Il Ministro ha dato mandato di aprire un’inchiesta amministrativa, per verificare se a Bari vi sia stata un’azione del procuratore capo Laudati tesa a ritardare la chiusura dell’indagine sul giro di denaro che dal premier, passando per il faccendiere Lavitola, è arrivato all’imprenditore della sanità barese Gianpaolo Tarantini.

A Napoli gli ispettori indagheranno sul decreto con cui i pm hanno sollevato dal segreto professionale l’avvocato Nicola Quaranta, uno dei legali di Tarantini e verificheranno l’origine della fuga di notizie su una delle intercettazioni tra Lavitola e Berlusconi che, prima ancora che fosse depositata agli atti, è stata pubblicata dal settimanale L’Espresso. Per intenderci, si tratta della telefonata in cui il premier consigliava a Lavitola di non rientrare in Italia, perchè tanto “vi scagionerò tutti”.
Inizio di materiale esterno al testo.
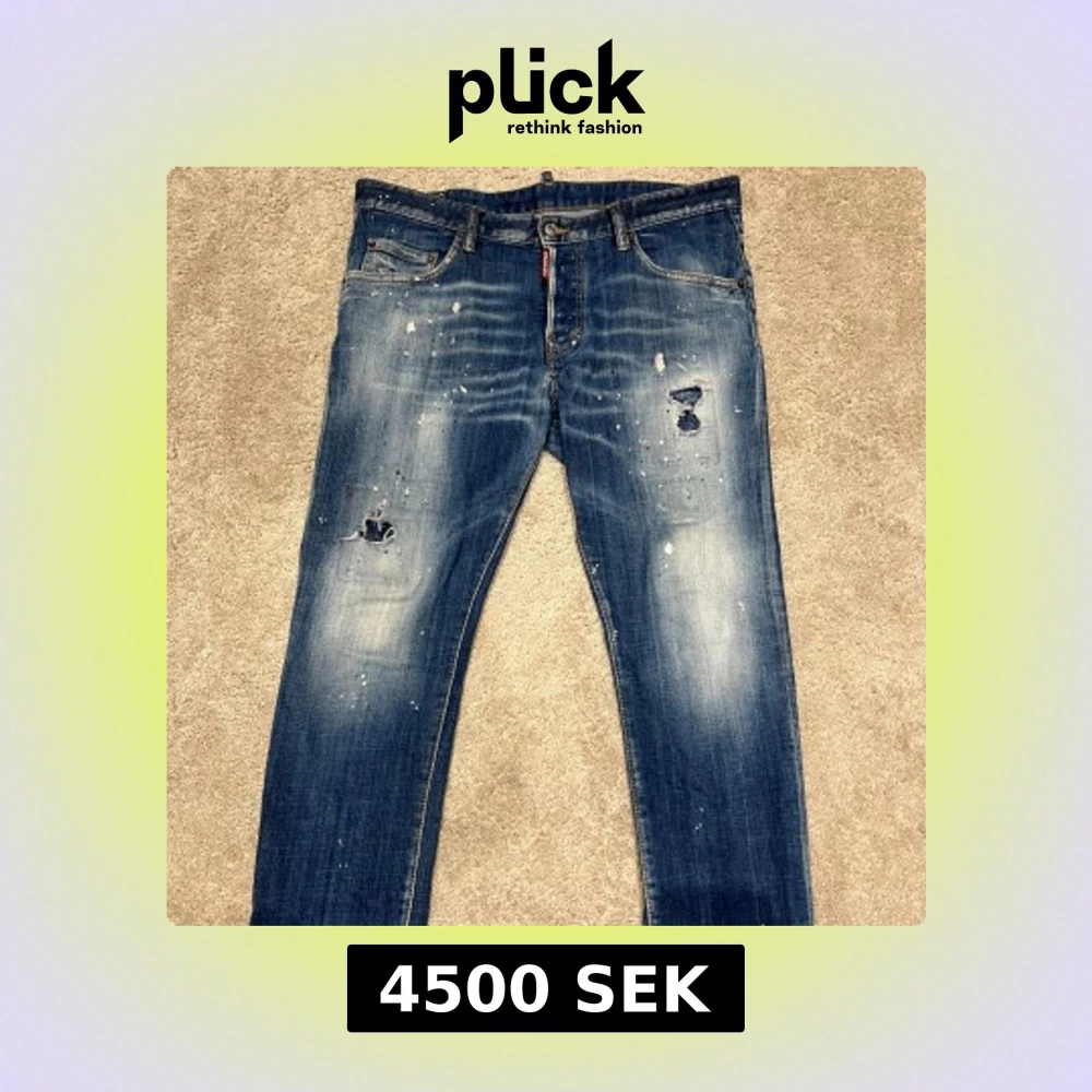 Snygga blå jeans från DSQUARED2 i storlek 52 med coola slitningar och färgstänk på både fram- och baksida. Klassisk femficksmodell med logotypdetaljer och en modern, smal passform. Tillverkade i bomull med jeansmaterial för en autentisk känsla.
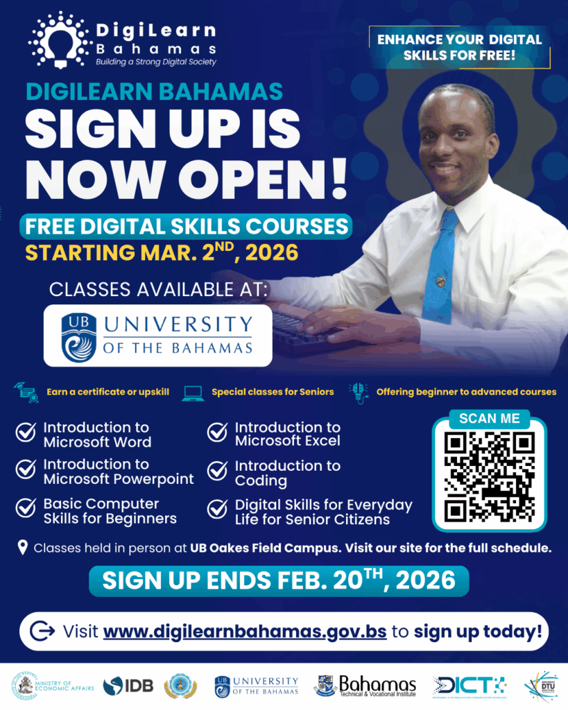 The DigiLearn Bahamas program, delivered in partnership with the University of The Bahamas (UB) and the Bahamas Technical and Vocational Institute (BTVI), offers free digital skills courses tailored to up-skill different demographics and learning needs. Participants will receive certificates of completion from UB and credentials from BTVI (specified courses) upon successfully finishing courses.
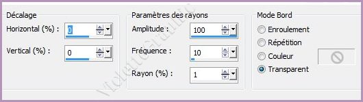 **Effets/Effets de Distorsion/Rayonnement réglages suivants :
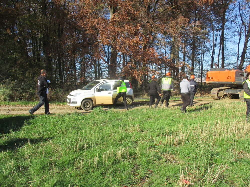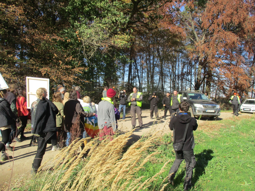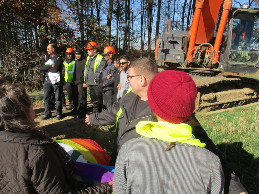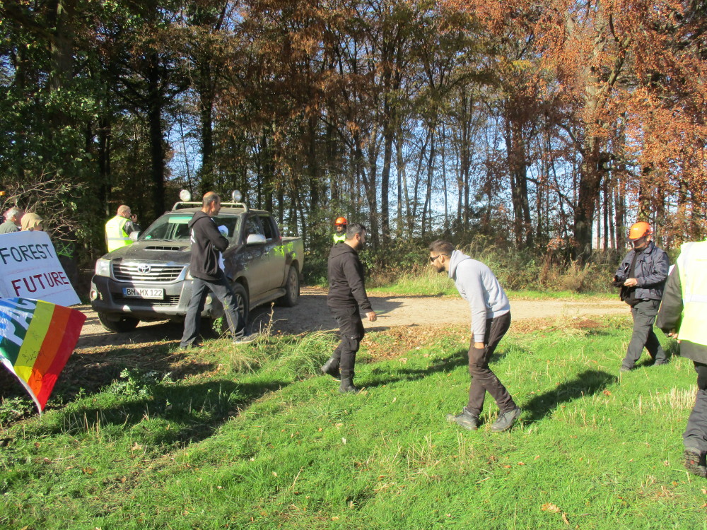 Die RWE-Mitarbeiter sind schnell in die Autos gestiegen und haben den Ort verlassen. Der Baggerfahrer arbeite indes weiter. Gleichzeitig kamen zwei Fahrzeuge der Sicherheitsfirma (IWSM – Industrie – Werk – Schutz Mundt), sprangen aus den Autos und zogen sich vereinzelt Handschuhe an. Ein anwesendes Kamerateam schützte durch seine Anwesenheit. Denn einer der security Leute (namentlich bekannt unter Carlo C.) machte Anstalten einzelne Menschen der Gruppe körperlich anzugreifen. So zum Beispiel auch einem Hambi-Journalisten mit erhobenen Presseausweis den Fotoapparat wegzureißen.

In realtà il primo settimanale a rivelare, nell’agosto scorso, l’esistenza di un’inchiesta sul presunto ricatto di Lavitola e Tarantini al Presidente del Consiglio fu Panorama, edito Mondadori, il cui caso non compare però tra le motivazioni della richiesta di ispezione. Infine, c’è da chiarire la revoca della competenza ad indagare decisa dal Tribunale di Napoli.

Non sono mancate reazioni immediate dall’opposizione: “Il Pdl chiama, Nitto Palma risponde – ha dichiarato  il capogruppo dell’Italia dei Valori alla Camera Massimo Donadiè bastato che Gasparri e Cicchitto chiedessero l’invio degli ispettori e subito il ministro Nitto Palma lo ha disposto”.